From the above perspective, the block is in inet_tcp: getaddrs. Read the source code and find that the native DNS is called.

  

7. Erlang DNS

Dig domain name, dnsserver is an intranet server, the response is within 1 ms, long-term test, no latency.

It is suspected that it is an issue of Erlang DNS implementation.

Http://erlang.org/doc/apps/erts/inet_cfg.html

> Inet_db: get_rc ().
[{Nameservers, {10, 13, 8, 25 }},
{Nameservers, {172,16, 105,248 }},
{Resolv_conf, "/etc/resolv. conf "},
{Hosts_file, "/etc/hosts "},
{Lookup, [Native]}]
> ETS: Lookup (inet_db, cache_size ).
[{Cache_size, 100}]

{Lookup, Methods }.

Methods = [atom ()]

Specify lookup methods and in which order to try them. the valid methods are: Native (Use System CILS), file (use host data retrieved from system configuration files and/or the user configuration file) or DNS (use the Erlang DNS ClientInet_resFor nameserver queries ).

As described above, by default, each DNS query by Erlang is directly called by the system. The internal DNS cache of Erlang is enabled only when lookup [dns] is used.

  

8. System DNS

Since Erlang does not have Dnscache packet capture analysis, the system

Tcpdump-I any UDP port 53

21:34:58. 739732 IP 10.77.128.49.49003> 10.13.8.25.domain: 26954 +? I .api.xxx.cn. (32)
21:34:58. 739941 IP 10.13.8.25.domain> 10.77.128.49.49003: 26954 1/4/4 A 172.16.105.20.( 193)
21:34:58. 740546 IP 10.77.128.49.40072> 10.13.8.25.domain: 39440 +? I .api.xxx.cn. (32)
21:35:02. 205299 IP 10.77.128.49.6060> 10.13.8.25.domain: 48139 +? Bx49. (22)
21:35:02. 207506 IP 10.13.8.25.domain> 10.77.128.49.6060: 48139 nxdomain 0/1/0 (97)
21:35:03. 479277 IP 10.77.128.49.51277> 10.13.8.25.domain: 11779 +? Bx49. (22)
21:35:03. 479501 IP 10.13.8.25.domain> 10.77.128.49.51277: 11779 nxdomain 0/1/0 (97)
21:35:03. 745591 IP 10.77.128.49.24134> 172.16.105.248.domain: 39440 +? I .api.xxx.cn. (32)
21:35:03. 747254 IP 172.16.105.248.domain> 10.77.128.49.24134: 39440 1/4/4 A 172.16.105.20.( 193)

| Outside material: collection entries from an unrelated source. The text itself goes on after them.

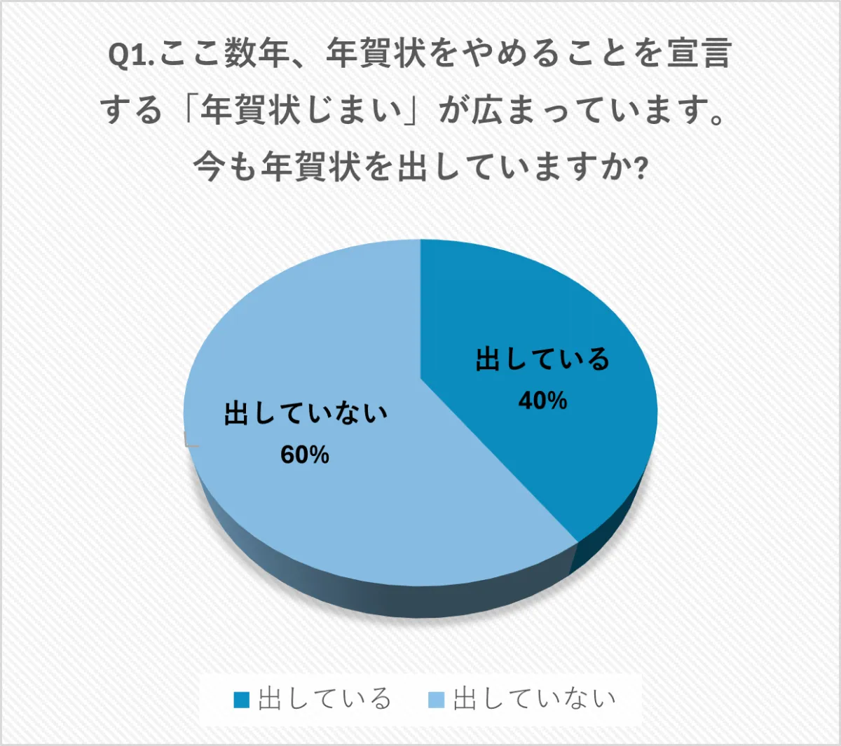 今回の調査では、年賀状を出している人は40%で、60%が出していないとのことでした。これは、年賀状文化が明らかに衰退していることを示しています。出さない理由としては、時間や手間をかけずに済むことが主な要因であるようです。この結果からは、年賀状じまいが社会全体に浸透しつつあることが読み取れます。
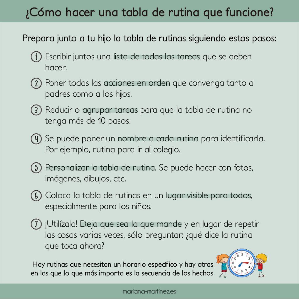 Para que una rutina funcione el mayor tiempo posible, es importante involucrar al niño o adolescente para que juntos decidan la lista de tareas o pasos que ésta debe incluir. Se puede preguntar, por ejemplo: ¿qué necesitas hacer antes de poder ir a la cama? Entonces se hace una lluvia de ideas con todas las acciones. Los padres pueden hacer alguna sugerencia como: ¿qué tal dejar preparada la ropa que te pondrás al día siguiente? El orden en el que se deben llevar a cabo los pasos también debe ser consensuado entre padres e hijos.
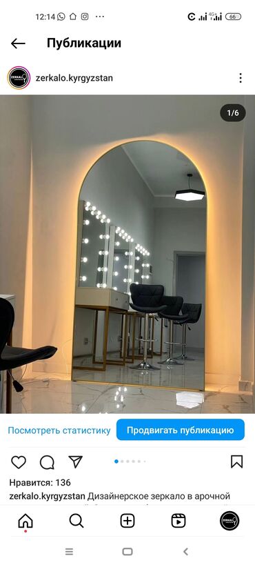 Стоимость за м2: Простое зеркало, с закругленной обточкой - 2500 сом/м2. С фацетом( обточка декоративная 1см) - 3000 сом/м2; В алюминиевой рамке, прямоугольное(золотая, черная и серебристая рамки)...
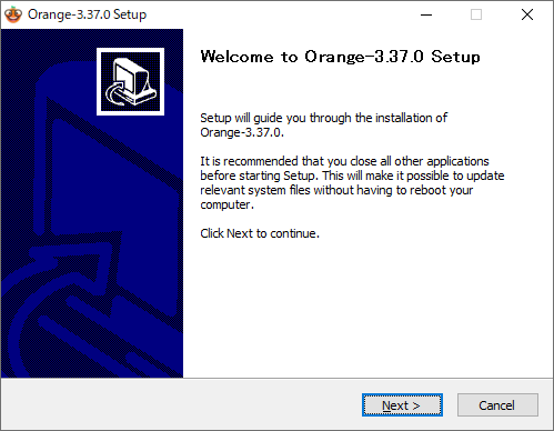 ダウンロードしたファイルを開くと、Orange 3のインストーラーが起動します。
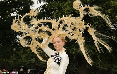 中新網(wǎng)6月19日電 據(jù)英國媒體報道,英國皇家賽馬會18日進(jìn)入第三天,也就是英國人所稱的“淑女日”,依照傳統(tǒng),這一天女士們都會戴著造型奇特創(chuàng)意十足的帽子亮相,爭奇斗艷吸引眼球。
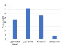 El 36% de los operarios tomaron la decisión de trabajar en la planta por gusto propio, mientras que para el 32% fue una oportunidad laboral y para el 28% por necesidad económica (Figura 2). Para el caso de los conductores de camiones de transporte de ganado, Pérez et al. (2017) reportó que el 83% de 20 conductores lo hacían por falta de empleo y necesidad económica y solo el 17% porque les motiva y es de su agrado.
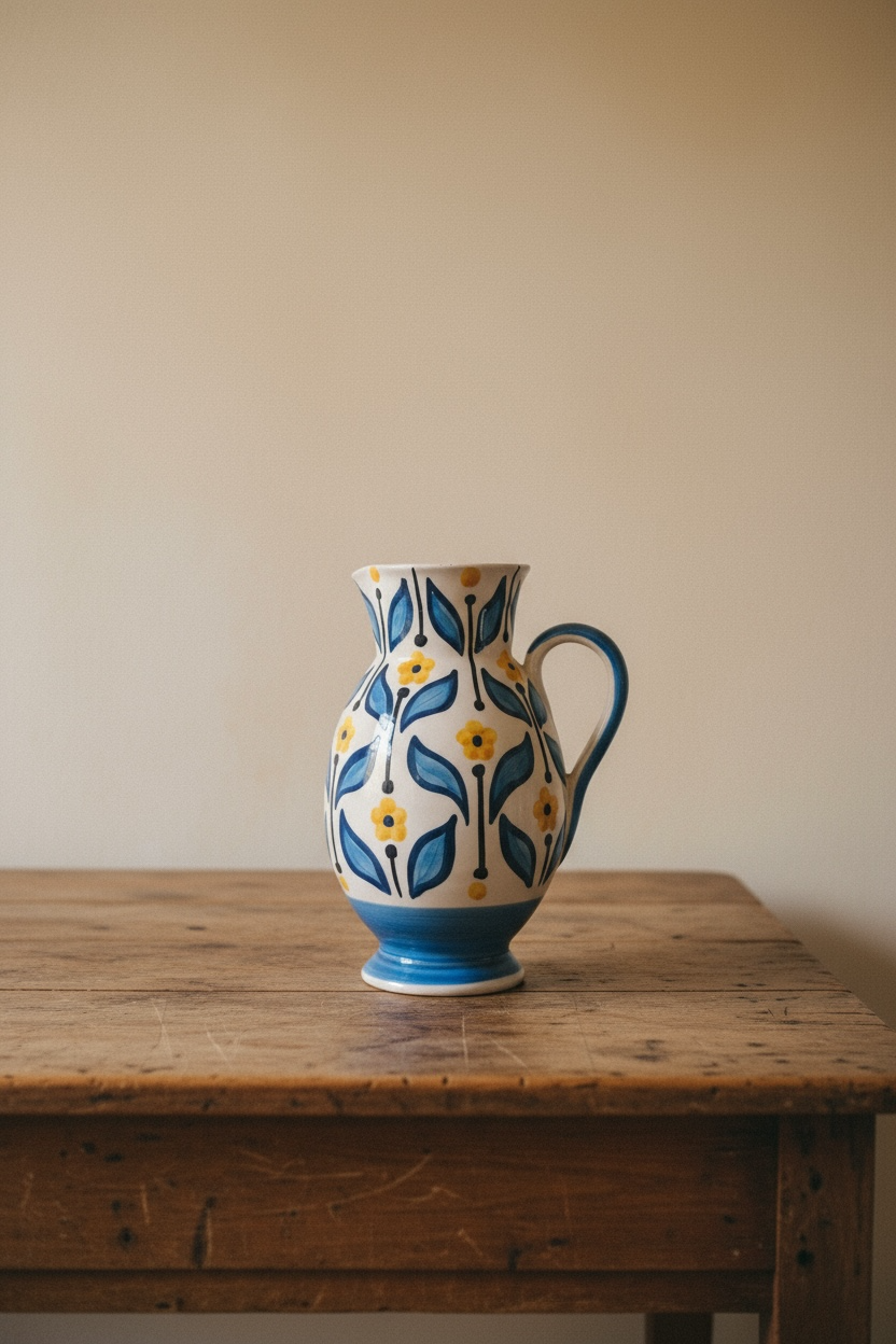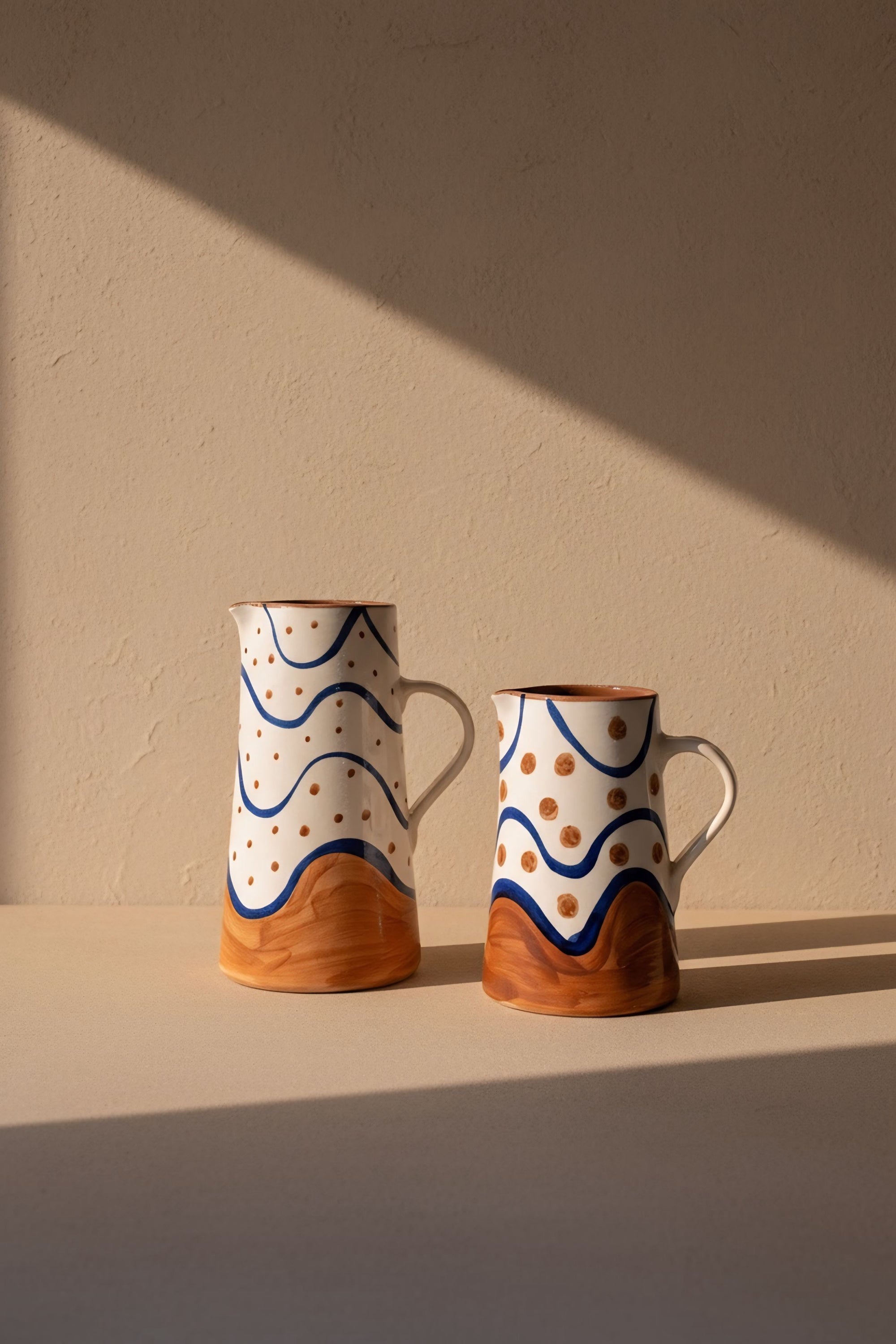 Aceitera de cerámica artesanal en barro rojo, esmaltada a mano en tonos tierra y ocres. El trazo pictórico orgánico convierte...
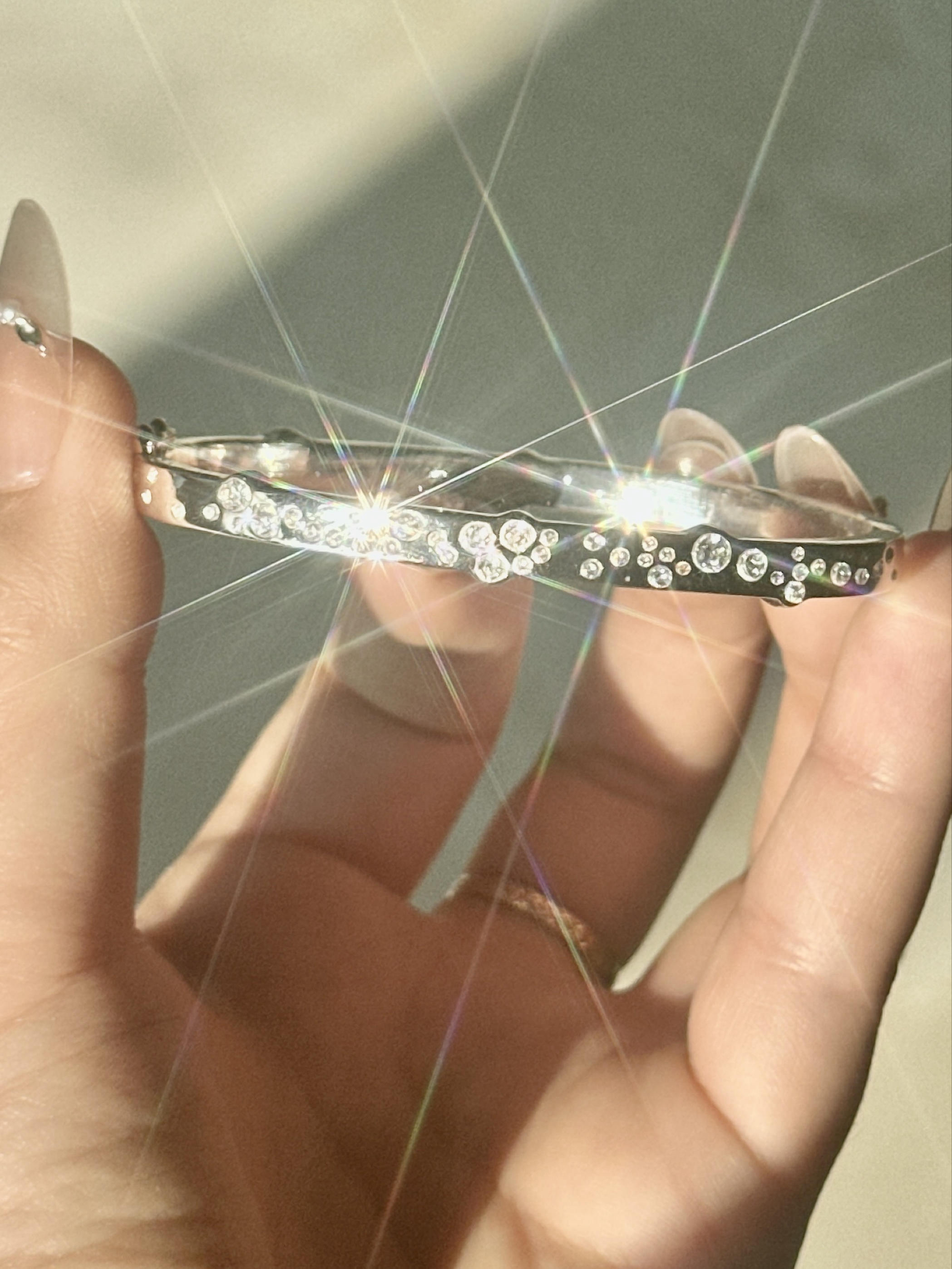 这小ck的泡泡手镯在阳光下简直光芒四射啦 一直很喜欢小ck的包包没想到手镯也这么美🥰 泡泡钻的设计很特别 阳光下一闪一闪的耀眼又夺目 不挑场合日常通勤还是约会都合适 不挑衣服随便搭都不违和 一遇到光手腕瞬间就多了一条星河✨
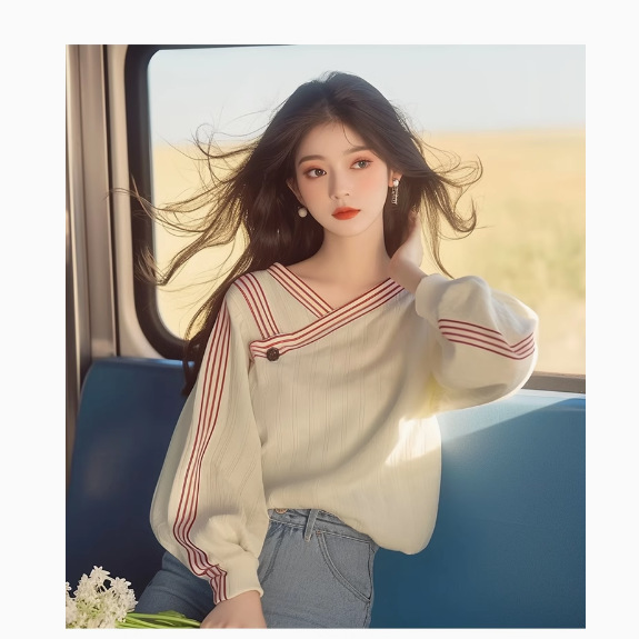 초가을 2024 새로운 한국 스타일 게으른 스타일 슈퍼 잘 생긴 작은 느슨한 어깨 살구색 줄무늬 긴 소매 스웨트 셔츠

From the package, there are a large number of frequent requests to query the I .api.xxx.cn domain name, and the record marked Yellow by me does not respond, 5 seconds later, the request is resent to receive the result.

 

Summary:

The I .api.xxx.cn interface does not support keepalive. A new connection is required each time, and Erlang needs to query DNS by system call every time.

The server has not started the nscd service and has no cache

DNS uses the UDP protocol, which occasionally loses even when the Intranet is used.

Erlang merges the same DNS for concurrent queries and only has one DNS request.

Erlang's system call timeout time is too long (5S), there is no timely re-query, resulting in request accumulation during the period, such as DNS return, accumulation of business at the same time start to process, resulting in CPU fluctuations.

Solution:

1. Start nscd 2. Configure Inet to use the memory DNS module Cache

  

Contact Us

The content source of this page is from Internet, which doesn't represent Alibaba Cloud's opinion; products and services mentioned on that page don't have any relationship with Alibaba Cloud. If the content of the page makes you feel confusing, please write us an email, we will handle the problem within 5 days after receiving your email.

If you find any instances of plagiarism from the community, please send an email to: info-contact@alibabacloud.com and provide relevant evidence. A staff member will contact you within 5 working days.

A Free Trial That Lets You Build Big!

Start building with 50+ products and up to 12 months usage for Elastic Compute Service

  • Sales Support

    1 on 1 presale consultation

  • After-Sales Support

    24/7 Technical Support 6 Free Tickets per Quarter Faster Response

  • Alibaba Cloud offers highly flexible support services tailored to meet your exact needs.